I HATE when everyone else in the house is asleep, and all I seem to be able to do is toss and turn.  I think that makes me crabbier than the lack of sleep.

Take care,

Cris

T~

I know your frustration sister!! And that thing with the Husband sounds so fimiluar!! I'm the exact same way. My husband can hit the pillow and be out like a light....and I toss and turn and huff and puff and get so jealous of his abilty to get a good nights rest so easily.

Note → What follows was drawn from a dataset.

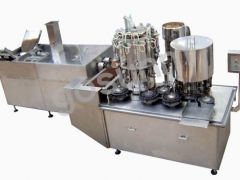 高速口服液灌装机属于专用灌装设备,是灌装,轧盖二合一的高速灌封机,适用于各种10ml-30ml 玻璃瓶的液体灌装和轧盖。机器采用潜入式灌装机构,灌装时,灌装头自动伸入瓶内,液体无溢出;机器在采用高精度计量机构,不锈钢单阀门,灌装计量调整方便;给合式灌装管路及灌装部件,拆卸,消毒十分方便,根据不同的盖子,轧盖力大小可调速,保证瓶盖外观封口美观;采用变频调整系统,能方便地适应各种不同规格的瓶子及不同粘度液体灌装的不同需求。可与真空脱气机、全自动封口机等设备配套使用。

Hope this hour finds you in a better place than it did at 1:00am.

Lovie

TBIRD; HAVE RA AND FIBRO PLUS LATENT  TB SO I KNOW ABOUT THE PROBLEMS WITH FATIGUE AND SLEEP ISSUES.   BEEN TRYING WITH DR TO FIND SOMETHING I CAN TAKE AT NIGHT THAT WILL KEEP ME FROM WAKING 50 TIMES A NIGHT FROM PAIN AND RESTLESS LEG SYNDROM.  TRIED ELAVIL BUT MAKES ME TOO DROWSY DAY AFTER. SAW RD YESTERDAY AND GAVE ME SAMPLE OF LUNESTA.  COMES IN 3 TYPES OF DOSES, LO, MED AND HI.  SHE GAVE ME MED AND I TRIED LAST NIGHT.  SLEPT LIKE A LOG BUT WAS SO CHRONICALLY GROGGY A.M., I COULDN'T EVEN DRIVE TO WORK.  I HAVE TAKEN AMBIEN BEFORE AND LIKE THE WAY IT WORKS...KIND OF TAKES THE EDGE OFF AND AS LONG AS YOU GET 8 HRS SLEEP, YOU AWAKE REFRESHED, NOT GROGGY.  ANYWAY, TOLD RHEUMY THIS A.M. AND SHE SAID SHE'D WRITE A RX FOR ME FOR AMBIEN TO TRY FOR AWHILE.  I'M ON MY LAST WEEK OF INH FOR LATENT TB AND SAYS THAT DRUG IS PROBABLY ADDING TO MY FATIGUE AND I AM JUST ALMOST FINISHED.  ABOUT 10 DAYS TO GO OF MY 9 MONTH  PERIOD OF MEDS.   I HAVE LITERALLY TAKEN A SHOWER IN THE MIDDLE OF THE NIGHT TO RELAX ME OR TAKE THE EDGE OFF THE PAIN.  KNOW WHERE YOU ARE COMING FROM.T Bird -  I hope this is being posted as you are FINALLY sleeping and made it through the day.  I would not have considered going to work after being up all night.  So many people on here have so much more endurance than I do   I have to tell you - I shared your post with my partner and told him "remember when I was so mad at you and you didn't understand".  I hope it makes you feel some better that you may have helped one "partner" to be a little more understanding.  Those sleepless nights are hell and I am one of those that just does not function without my sleep.  Be careful with those sleeping pills.  I feel for you - Roxanne

Yep sounds like a horrible night.   Sure hope you're feeling better.  Hmm....that falling asleep however, whenever and wherever...is that a man thing?  Seems like men just have an "off" button somewhere...I want one.

Peace & Love...Neasy

I take a pain med and 2 flexeril (muscle relaxants) at bedtime and I am able to go to bed and go to sleep and remain asleep. I don't have any problems with alertness in the morning. This works for me and might be something to consider. Nothing is worse for us than lack of sleep. I also require a nap in the afternoon or I literally stop functioning. Good luck.

Barb

talk about a nap... i came home from work today and crawled in bed.. now all of my friends call before they come over and i wasnt expecting anyone... all of a sudden i am awakened from my friend/coworker coming into my house, yelling at me cause its amess, and laughing at me for being SOUND asleep. I didnt hear her til she was in my room!!!!! the nap felt so good iw anted to tell her to leave and crawl back under the sheets! hee hee  So now i guess i have to clean my house since someone other than me knows how messy it is.. but i HATE housework.. id rather do yard work! But it needs to be done, theres a party here in 4 weeks. It may take thaqt long to get clean!hee hee

But yes naps are wonderful.. too bad i could sleep 4-5 hours in the afternoon, then be up til 2 or 3 am and sleep til noon! im a night owl with an early birds schedule! THANK GOD FOR SUMMER VACATION!!!!!!!!